22nd Speaker of the Newfoundland House of Assembly
- In office 1920–1923
- Preceded by: William J. Higgins
- Succeeded by: Harry A. Winter

Member of the Newfoundland House of Assembly for Carbonear
- In office November 3, 1919 – October 29, 1923
- Preceded by: John R. Goodison
- Succeeded by: James Moore

Personal details
- Born: William Frederick Penney June 14, 1862 Carbonear, Newfoundland Colony
- Died: January 2, 1934 (aged 71) Carbonear, Newfoundland
- Party: Liberal Reform
- Spouse: Julia Guy
- Relatives: Alfred Penney (uncle)
- Occupation: Businessman

= William F. Penney =

Newfoundland politician (1862–1934)

William Frederick Penney (June 14, 1862 – January 2, 1934) was a merchant, judge and political figure in Newfoundland.
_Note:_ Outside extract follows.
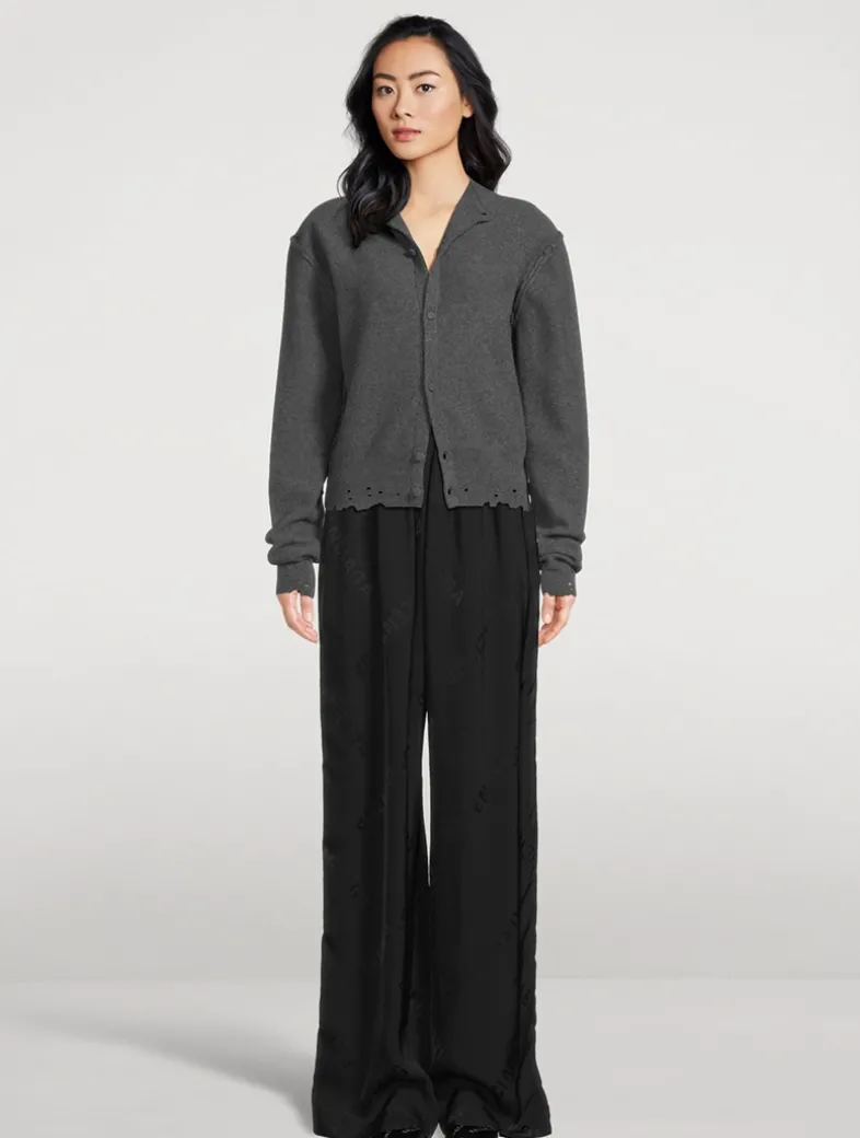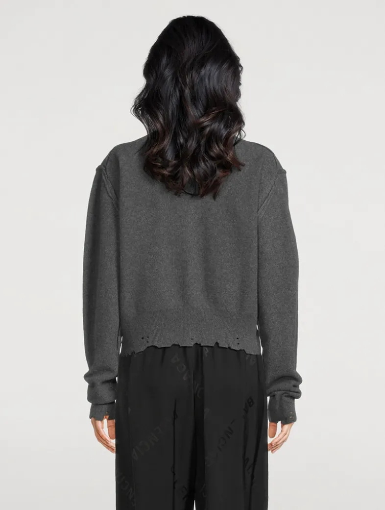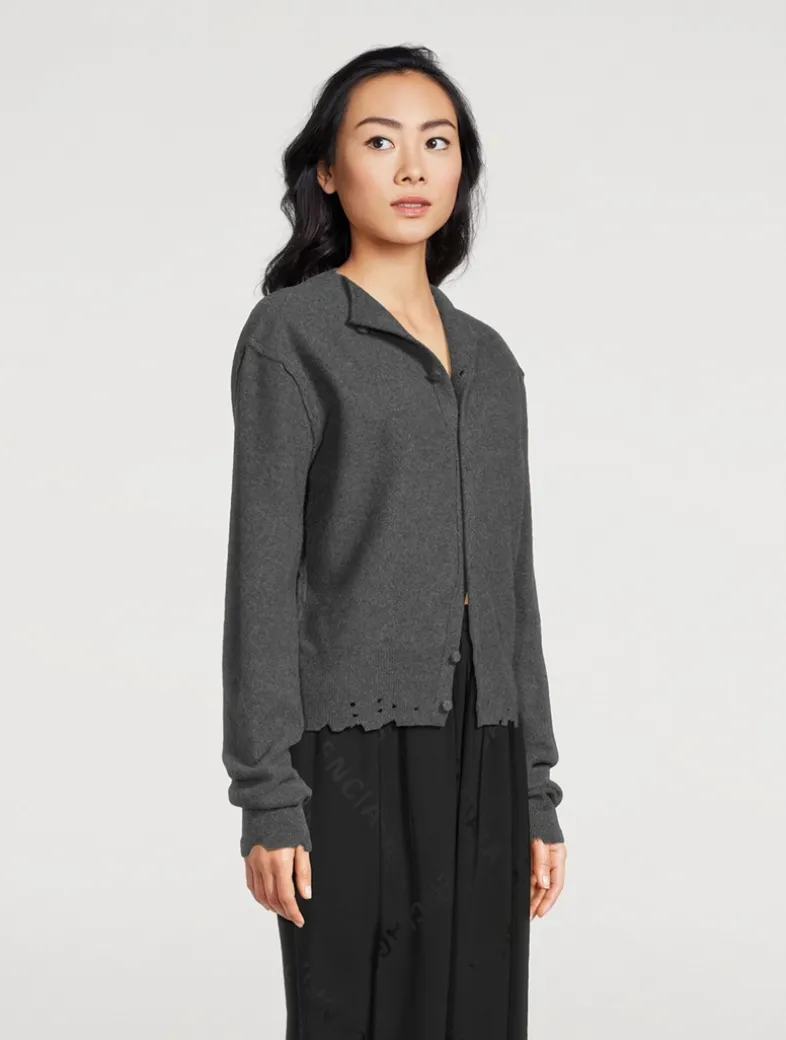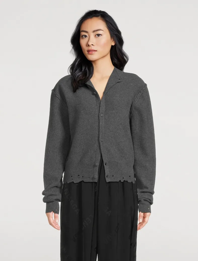 A faux inside-out design lends a playful touch to this cardi. Knit from a mix of cashmere and wool, it has textured seaming at the shoulders and distressed detailing at the cuffs and hem.

He represented Carbonear in the Newfoundland and Labrador House of Assembly from 1919 to 1923 as a Liberal Reform party member. His surname also appears as Penny in some sources.

He was born in Carbonear, the son of Edgar Penney. He entered the family fishery supply business, later opening his own business. Penney married Julia Guy. He was speaker for the Newfoundland House of Assembly from 1920 to 1923. In 1923, he was named district court judge for Carbonear, succeeding his uncle Alfred Penney, who had also served in the Newfoundland assembly.